Location: Bee Research LaboratoryTitle: Beeporter: a high-throughput tool for non-invasive analysis of honey bee virus infection
|BANMEKE, OLUBUKOLA - Orise Fellow|
|PALMER-YOUNG, EVAN - Orise Fellow|
|Chen, Yanping - Judy|
|RIABOV, EUGENE - Volunteer|
Submitted to: Molecular Ecology Resources
Publication Type: Peer Reviewed Journal
Publication Acceptance Date: 4/22/2021
Publication Date: 1/5/2022
Citation: Evans, J.D., Banmeke, O., Palmer-Young, E., Chen, Y., Riabov, E. 2022. Beeporter: a high-throughput tool for non-invasive analysis of honey bee virus infection. Molecular Ecology Resources. 22:978–987. https://doi.org/10.1111/1755-0998.13526.
Interpretive Summary: Honey bee losses are unsustainably high. Disease agents, from mites to viruses and gut parasites are responsible for a large fraction of these losses So far there are no registered treatments to control bee viruses. The described protocol will speed up the search for such treatments, allowing researchers to convert treatment candidates into new bee drugs more quickly. Since virus levels can be monitored without killing bees, this method can also be used to screen bees for viral resistance as part of breeding schemes. More generally, this method will work for other insects species to study virus movement and growth in pest and beneficial insects.
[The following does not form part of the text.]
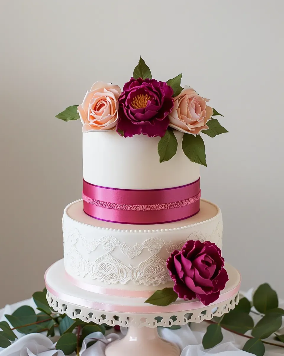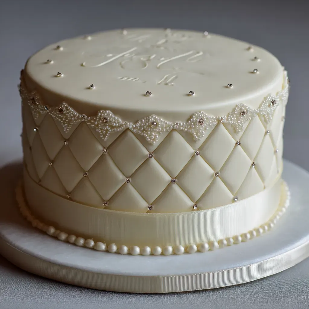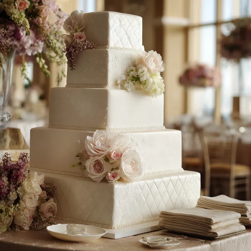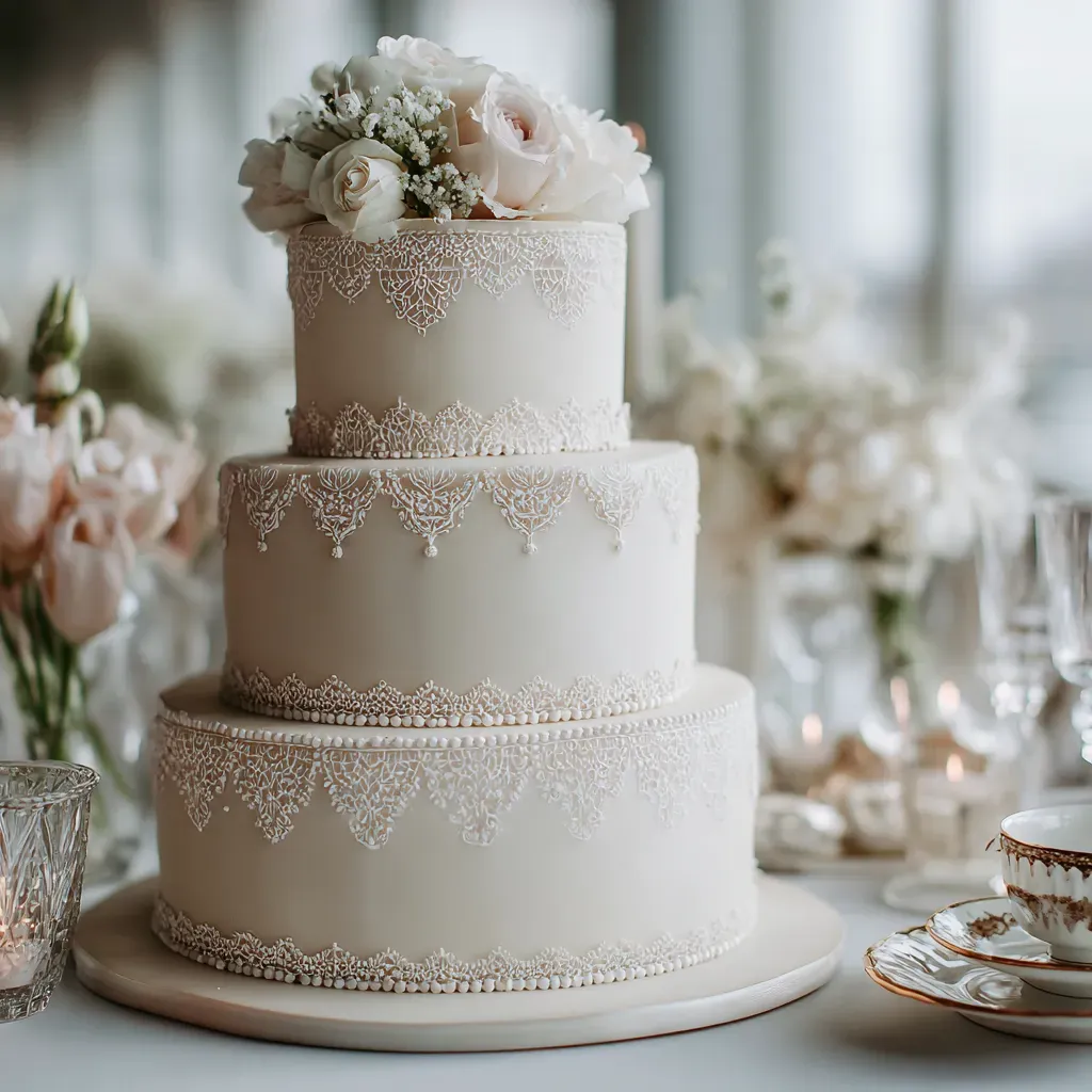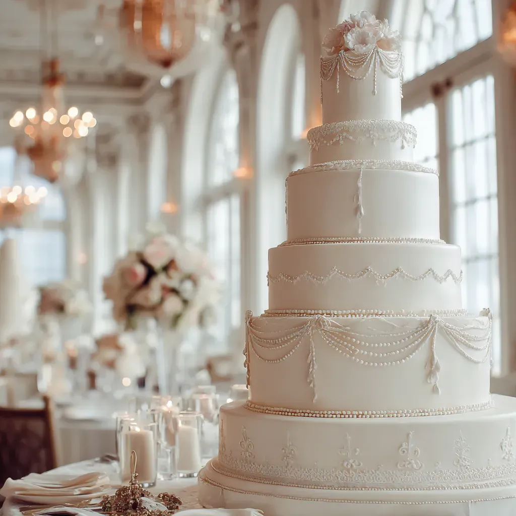Proper elegant tiers, sporting royal icing, delicate lace, and quilted or draped patterns.
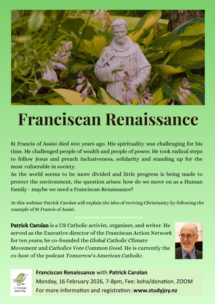 Franciscan Renaissance Post author:Beate Matthies Post published:January 8, 2026 Post category:Events / Presentations / Spirituality Registration to Participate Registration for Recording Tags: Franciscan Renaissance, Patrick Carolan Read more articles Previous PostMuffin Talk 2025 You Might Also Like RDC Webinar Series 2023 April 30, 2023 Bible Study Lockdown Initiative February 13, 2022 Matariki & the Pleiades June 21, 2022

Technical Abstract: Honey bees face numerous pests and pathogens but arguably none are as devastating as Deformed wing virus (DWV). Development of antiviral therapeutics and virus-resistant honey bee lines to control DWV in honey bees is slowed by the lack of a cost-effective high-throughput screening of DWV infection. Currently, analysis of virus infection and screening for antiviral treatments in bees and their colonies is tedious, requiring a well-equipped molecular biology laboratory and the use of hazardous chemicals. Here we utilize a cDNA clone of DWV tagged with green fluorescent protein (GFP) to develop the Beeporter assay, a method for detection and quantification of DWV infection in live honey bees. The assay involves infection of honey bee pupae by injecting a standardized DWV-GFP inoculum, followed by incubation for up to 44 hours. GFP fluorescence is recorded at intervals via commonly available long-wave UV light sources and a smartphone camera or a standard ultraviolet transilluminator gel imaging system. Nonlethal DWV monitoring allows high-throughput screening of antiviral candidates and a direct breeding tool for identifying honey bee parents with increased antivirus resistance. For even more rapid drug screening, we also describe a method for screening bees using 96-well trays and a spectrophotometer.